RATES of Treasury bills (T-bills) and Treasury bonds (T-bonds) on offer this week could rise amid hawkish signals from the US Federal Reserve.

The Bureau of the Treasury (BTr) will auction off P15 billion in T-bills on Monday, or P5 billion each in 91-, 182-, and 364-day papers.

On Tuesday, it will offer P30 billion in reissued five-year T-bonds with a remaining life of four years and 11 months.

T-bill and T-bond rates could track the increase in secondary market yields last week after Fed Chair Jerome H. Powell signaled that the US central bank is unlikely to cut borrowing costs at their March meeting, Rizal Commercial Banking Corp. Chief Economist Michael L. Ricafort said in a Viber message.

At the secondary market on Friday, rates of the 91-, 182-, and 364-day T-bills went up by 2.02 basis points (bps), 6.18 bps, and 0.32 bp week on week to end at 5.4422%, 5.8126%, and 6.044% respectively, based on PHP Bloomberg Valuation Service Reference Rates data published on the Philippine Dealing System’s website.

The yield on the five-year bond likewise rose by 1.01 bps to end at 6.0864%.

The Federal Open Market Committee last week held its target rate steady at the 5.25-5.5% range for a fourth straight meeting.

It raised borrowing costs by a total of 525 bps from March 2022 to July 2023.

Mr. Powell, speaking after the end of a two-day policy meeting, declined to declare victory in the US central bank’s two-year inflation fight, vouch that it had achieved a sought-after “soft landing” for the economy or promise that rate cuts would come as soon as the Fed’s March 19-20 meeting, as investors had hoped in the run-up to last week’s policy decision, Reuters reported.

Mr. Powell said rate cuts would come once the Fed becomes more secure that inflation will continue to decline from a level it still characterizes as “elevated,” at least on a one-year basis, with the personal consumption expenditures price index, a key measure used by policy makers, at 2.6% on an annual basis as of December.

Market expectations of a near-term rate cut dimmed, with futures tied to the Fed’s main policy rate reflecting a 70% chance of the central bank lowering borrowing costs at its May 1 meeting, from over 90% on Thursday, according to the CME FedWatch Tool. The probability of a March cut stood at about 20%, from just under 50% a week ago.

Last week, the BTr raised P15 billion as planned from its offering of T-bills as total bids reached P38.137 billion, or more than twice the amount on the auction block.

Broken down, the Treasury made a full P5-billion award of the 91-day papers as tenders for the tenor reached P11.46 billion. The average rate of the three-month T-bill rose by 9.2 bps from the previous week to end at 5.398%. Accepted rates ranged from 5.300% to 5.424%.

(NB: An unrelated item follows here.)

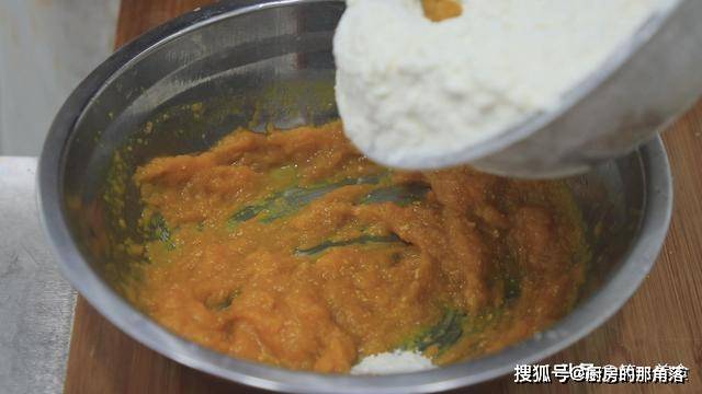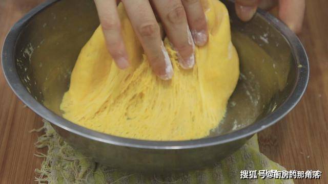 等南瓜泥稍微凉一下,温度不超过30度时,倒入酵母3克,搅拌化开酵母,倒入普通面粉200克,揉成南瓜面团。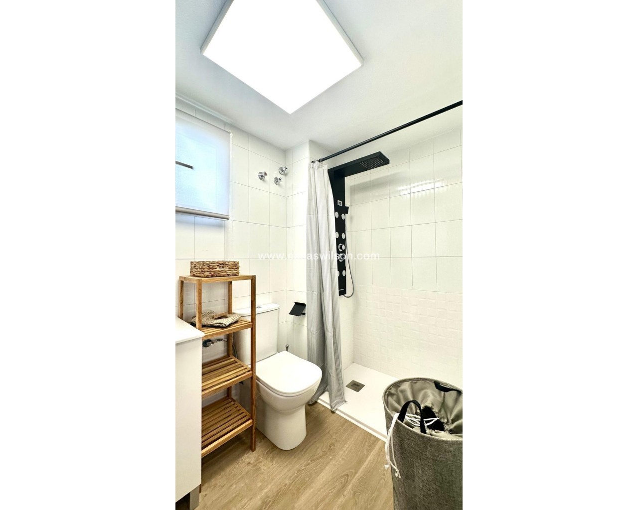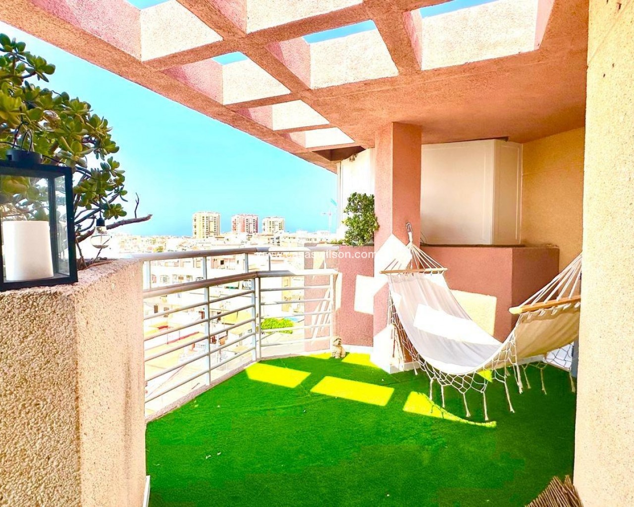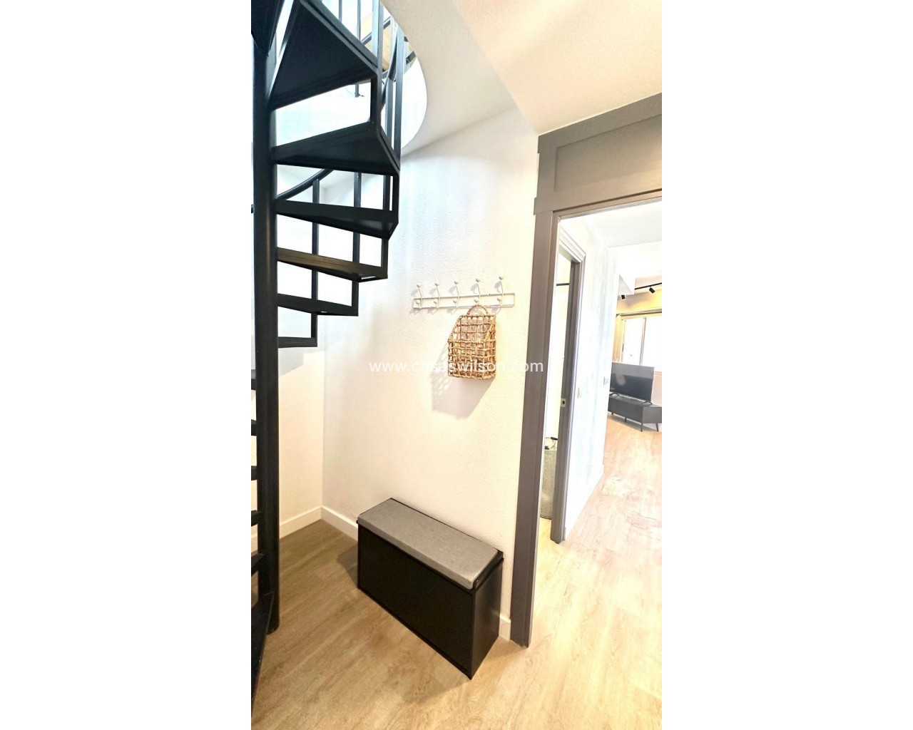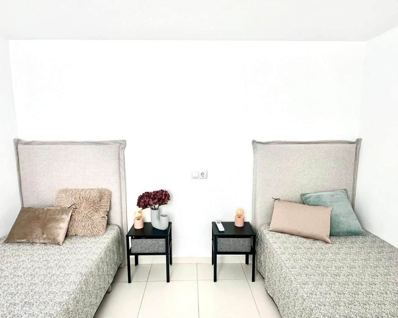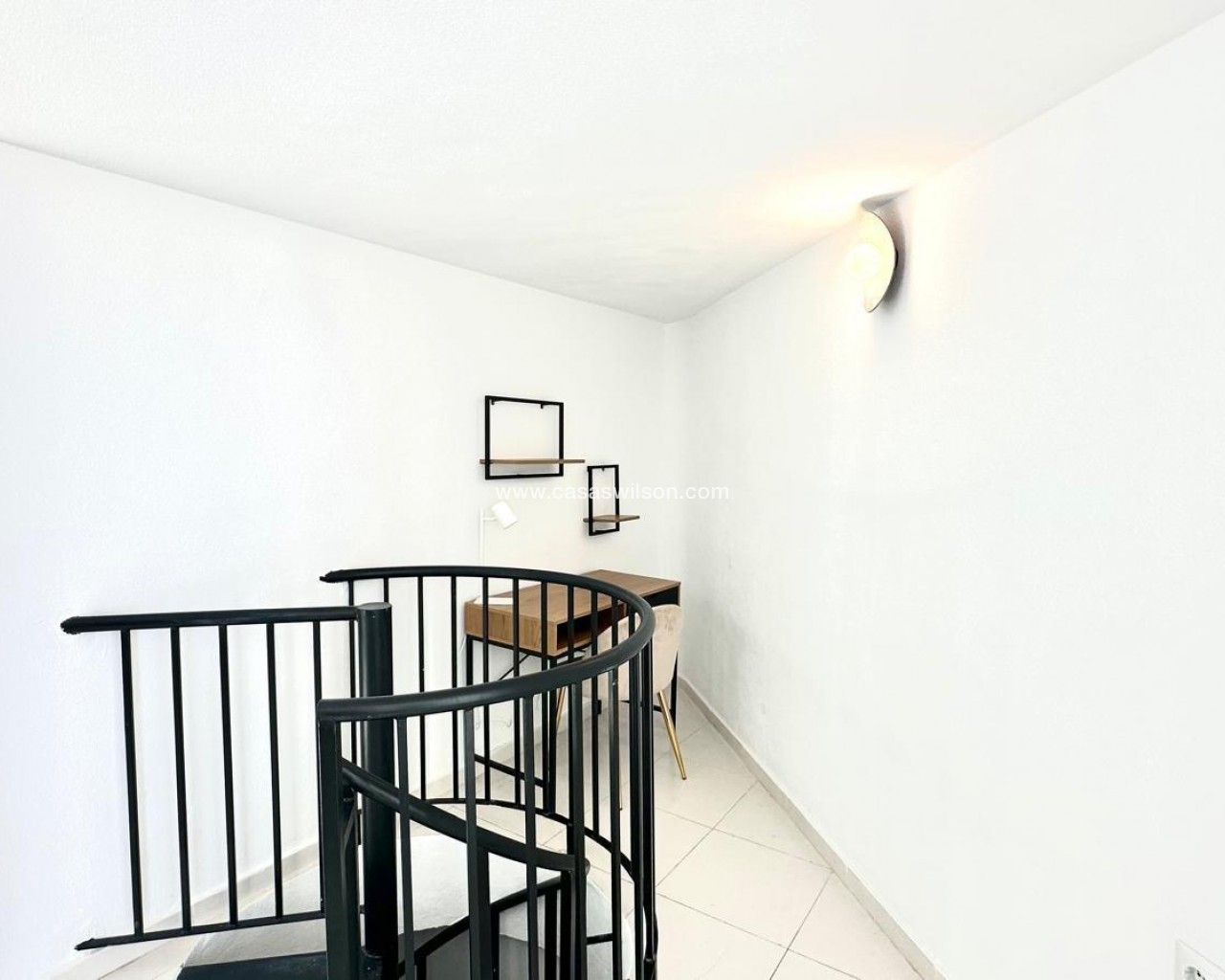 Espectacular Ático Dúplex a 400 metros de la playa – Estilo, comodidad y ubicación privilegiada Este impresionante ático dúplex se encuentra a tan solo 400 metros del mar, ofreciendo una oportunidad única para quienes buscan una vivienda amplia, moderna y cercana a la costa. Con una superficie construida de 120 m², esta propiedad ha sido diseñada para ofrecer confort, funcionalidad y una excelente distribución en dos niveles. Planta principal: amplitud, diseño y acceso exterior Al acceder a la vivienda, encontramos un recibidor que distribuye de forma eficiente las estancias, proporcionando privacidad y una transición natural hacia las zonas comunes. En esta planta se ubica un cuarto de baño completo con plato de ducha e hidromasaje, pensado para proporcionar comodidad y un espacio de relajación tras la rutina diaria o un día en la playa. El salón-comedor se integra con la cocina en un concepto abierto que aprovecha al máximo la luz natural y el espacio disponible. Esta distribución favorece la vida en familia o con amigos, permitiendo una conexión visual y funcional entre los ambientes. Desde el salón se accede a una terraza con orientación noroeste, ideal para disfrutar de las tardes al aire libre, crear una zona de descanso o realizar reuniones en un entorno tranquilo y agradable. Esta terraza también comunica con una de las habitaciones dobles de la vivienda, lo que aporta fluidez al diseño y un valor añadido en cuanto a confort. Planta superior: privacidad y versatilidad Subiendo a la planta superior, la vivienda ofrece un segundo cuarto de baño con plato de ducha, así como una práctica zona de estudio que puede adaptarse a múltiples usos: despacho, rincón de lectura, área de juegos o incluso un pequeño gimnasio doméstico. Completando esta planta encontramos otra habitación doble, amplia y luminosa, equipada con armario empotrado. Esta estancia también tiene acceso directo a una segunda terraza, ideal para disfrutar de mayor intimidad y tranquilidad, o para crear un espacio exterior privado. Resumen de características: 120 m² construidos, distribuidos en dos plantas Dos habitaciones dobles, cada una con acceso a terraza Dos baños completos, uno en cada planta, ambos con plato de ducha Salón-comedor y cocina integrados en espacio abierto Recibidor independiente en planta principal Dos terrazas privadas con orientación noroeste Zona de estudio en planta superior Armarios empotrados y buena distribución interior Ubicación y entorno: La vivienda se sitúa en una zona residencial muy cercana a la playa, con fácil acceso a servicios como supermercados, restaurantes, centros médicos, transporte público y zonas de ocio. Esta localización convierte al ático en una opción ideal tanto como residencia habitual como para uso vacacional, gracias a su cercanía al mar y su entorno tranquilo. Una propiedad que combina elegancia, amplitud y ubicación, perfecta para quienes valoran el estilo de vida mediterráneo sin renunciar al confort y la funcionalidad.

The government also raised P5 billion as planned from the 182-day securities as bids stood at P12.37 billion. The average rate for the six-month T-bill was at 5.81%, up by 4.4 bps week on week, with accepted rates at 5.795% to 5.843%.

Lastly, the BTr borrowed the programmed P5 billion via the 364-day debt paper as demand for the tenor totaled P14.307 billion. The average rate of the one-year T-bill went up by 3.9 bps to 6.076%. Accepted yields were from 6.02% to 6.10%.

Meanwhile, the reissued T-bonds to be offered on Tuesday were first offered on Jan. 9, where the government raised P30 billion as planned, with the papers fetching a coupon rate of 6.125% and an average rate of 6.073%.

The BTr plans to raise P210 billion from the domestic market this month, or P60 billion in T-bills and P150 billion through T-bonds.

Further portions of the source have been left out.